Listen up, bee-yotches. In my last post, I gave a eulogy for the past incantations of me. It was surprisingly hard to do especially as I’m in the midst of grieving for her/them/the past/all the years lost/winter being over, but I needed to have some temporary finality on the subject. And, since I’m a writer, I find that I figure things out best by writing about them.
Now, today is my birthday. Longtime readers know that I have a tempestuous relationship with my birthday. I disliked it as a kid, positively loathed it through my twenties and early thirties as it was a nasty reminder of the fact that I was, yes, indeed, alive in body and that I was a year older with nada to show for it. In the last five years or so, I had been slowly working my way to being neutral about my birthday. I didn’t love it, but I didn’t hate it any more.

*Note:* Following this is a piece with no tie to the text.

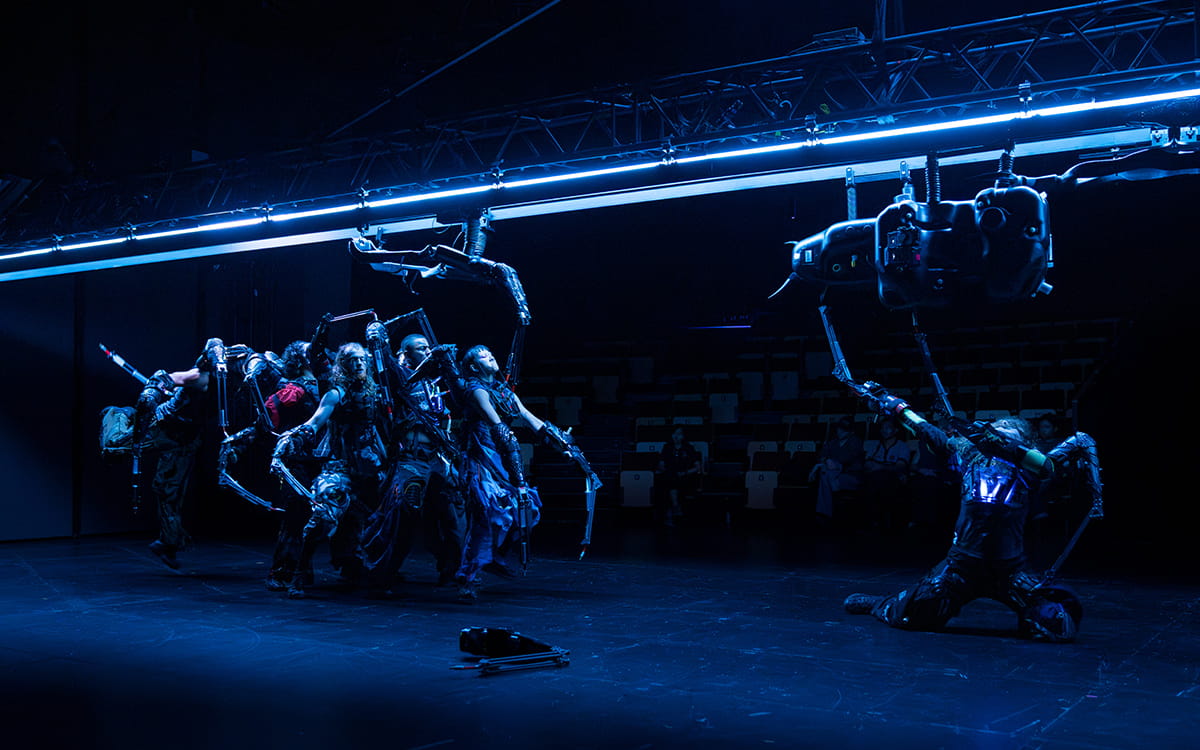 In U>N>I>T>E>D, the costumes included extra mechanical arms called exo-arms. They were really heavy and restrictive, and some dancers felt like they had to relearn how to move!

Last year, I returned to struggling with it, and it’s been even harder this year. Why? Well, first of all, it’s a round number–40. Now, I have never cared about my actual age. In fact, at the beginning of the year, I just say I’m a year older in order to prep myself for my birthday. Of course, then when my birthday arrives, I sometimes get confused as to how old I really am, but that’s neither here nor there.
40. That’s old. Or at the very least, middle-aged.

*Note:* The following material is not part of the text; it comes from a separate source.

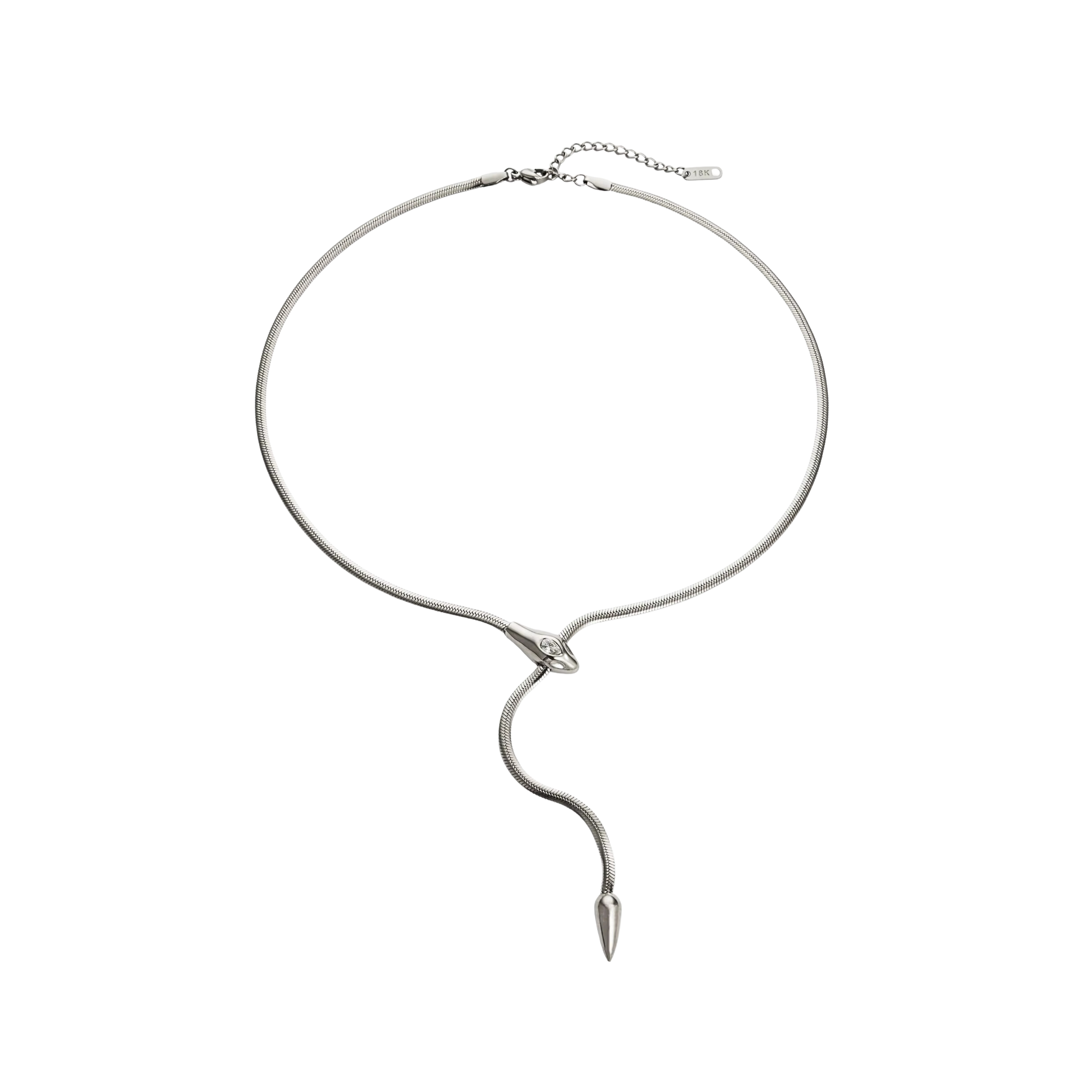 Elevate your style with our Serpentine Necklace. Featuring a stunning serpentine lariat design and a delicate herringbone chain. The cz stud on the snake head adds a touch of luxury and sophistication. Perfect for any occasion, it's the ultimate statement piece for the modern woman.

I fixate on certain things (no, really?), and apparently, 40 is one of those things. I keep staring at the number as if it’s an alien being with three heads. It doesn’t look anything like I feel. On the one hand, I wasn’t taught healthy ways to navigate the world when I was younger, and I stayed frozen in time for fifteen years. So, on that hand, I feel very young, as if I’m just learning to walk. On the other hand, I’ve experienced things that I sincerely would not wish on someone I loathed because the way back is just so long and arduous. I feel as if I’ve been alive forever, so on that hand, I feel very old.
40? How can I be 40? What the Hades happened to my twenties and thirties? For that matter, where are my aughts and teens?